Many people may say it was a misdiagnosis, but I know it was the miracle we prayed for. He answered our prayers.
JUNIOR YEAR AT SDSU: SUMMER BREAK
To confirm the MRI, I had to get two more EEGs about 2-3 months apart. Those tests were also cleared.
My license was back. My life was back. I was slowly getting off the powerful epilepsy medicine, which took me 6 months.
SENIOR YEAR AT SDSU: FALL SEMESTER
I weighed 120 lbs. I was the healthiest I had ever been. I worked out 5x a week and counted my macros to make sure I was eating enough.

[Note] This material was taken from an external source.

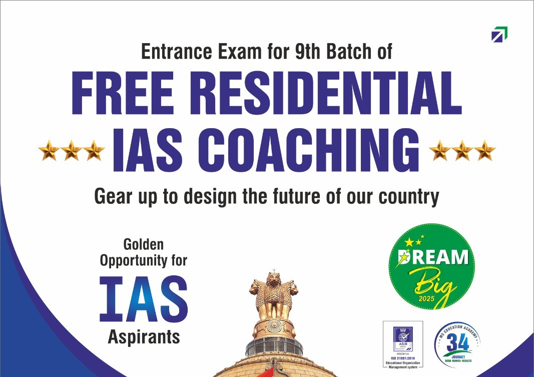 حیدرآباد/ ایم ایس آئی اے ایس اکیڈیمی نے UPSC CSE 2025-26 کی تیاری کرنے والے امیدواروں کے لیے اپنی نویں بیچ کے آغاز کا باضابطہ اعلان کیا ہے۔ اس بیچ میں داخلے کے لیے اسکریننگ ٹیسٹ 22 جون 2025 کو منعقد کیا جائے گا، جبکہ درخواست جمع کروانے کی آخری تاریخ 18 جون 2025 مقرر کی گئی ہے۔

SENIOR YEAR AT SDSU: SPRING SEMESTER
I was 5′ 6″ and weighed 120-125 lbs (I still do!) and stopped tracking my macros (counting calories).
I had the biggest panic attack of my life. I thought I was about to have a seizure. I found out those symptoms that I thought were pre-symptoms for seizures were actually from anxiety.
Finally coming to terms that I have anxiety, has helped me enormously. I started to treat my anxiety and upped my self care.
I rarely feel my symptoms and if I do they are completely manageable.
SDSU GRADUATE: NOW
I look back at my journey to health…and damn, it did not come easy to me.
My disorder with food started it all. Becoming obsessed with chasing perfect, lead me to self destruction.
I risked my life for what I thought I should look like in order to receive appraisal from society. I was chasing something that I was not.
My organs were shutting down and I almost lost my ability to have children. My body was stressed from the lack of nourishment which caused me to suffer from generalized anxiety and panic attacks…Something I will have to manage for the rest of my life.
Chasing perfect lead me to symptoms that drove me to many Dr appointments, the emotional rollercoaster of living with the possibility of having a brain tumor for 6 months, and a misdiagnoses that changed my life forever.
I now feel so grateful for the little things my body allows me to do every single day.
I now look in the mirror, and I see someone who is strong, who is confident and who takes pride in her curves. I love my thighs #nothighgap.
I know who I am and I know I’m perfect the way I am.